## EXERCISE AIM
Which lines run from the start of the material below through the line containing "Let's Party Neon"? Retype them exactly, pictures excluded.

## DATA SHOWN
○ ○ ○ ○ ○
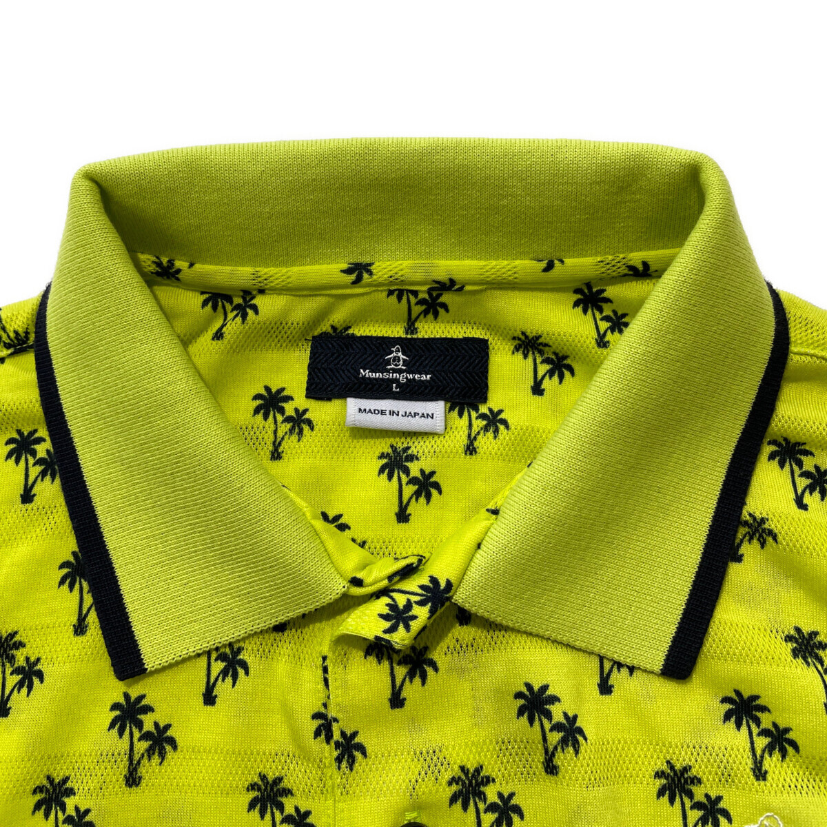 coco 中古【値下げ】 マンシングウェア Munsing wear メンズ 半袖ポロシャツ L 黄系 ヤシの木柄 レターパックプラス発送可 115602
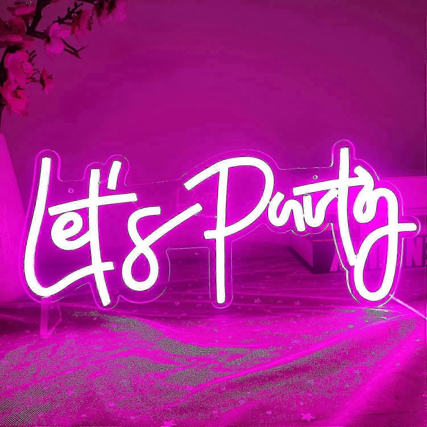Let's Party Neon Signs Neon Light Sign For Wall Decor 16''x 7'' Word Led Neon Sign Art Decorative Lights For Bachelorette Party, Engagement
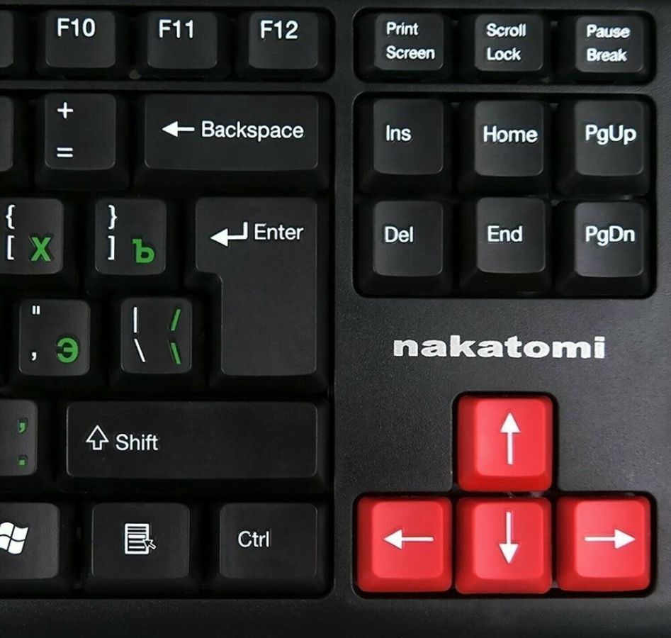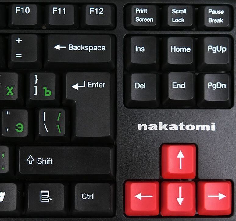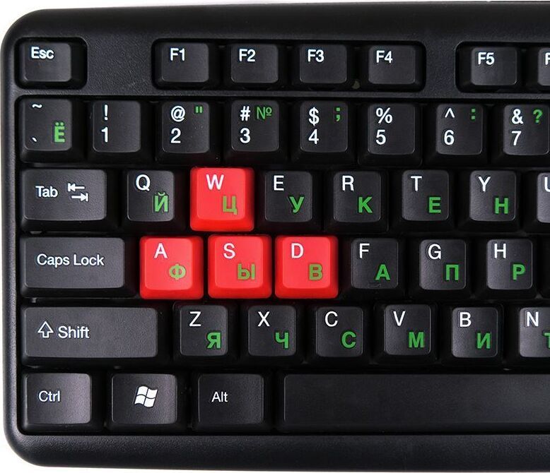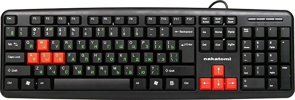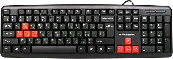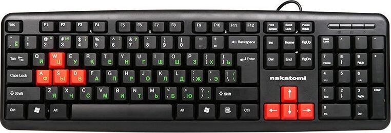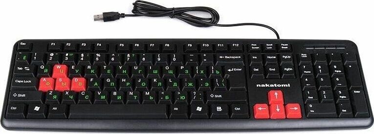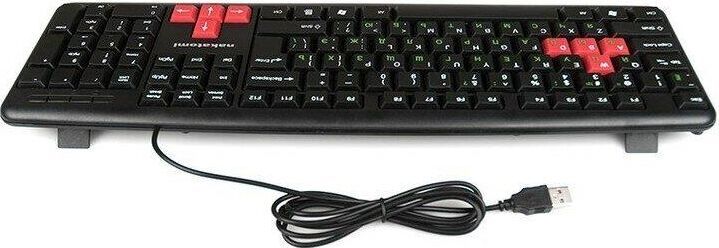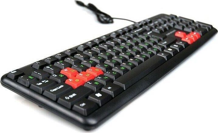 Интерфейс: USB, Корпус: Пластик, черный. Латиница - белый цвет, кириллица - зеленый, Количество клавиш: 104, Клавиши Windows, Регулируемый угол наклона, Длина кабеля, м: 1.5.
○ ○ ○ ○ ○
## WORKED SOLUTION
 coco 中古【値下げ】 マンシングウェア Munsing wear メンズ 半袖ポロシャツ L 黄系 ヤシの木柄 レターパックプラス発送可 115602
Let's Party Neon Signs Neon Light Sign For Wall Decor 16''x 7'' Word Led Neon Sign Art Decorative Lights For Bachelorette Party, Engagement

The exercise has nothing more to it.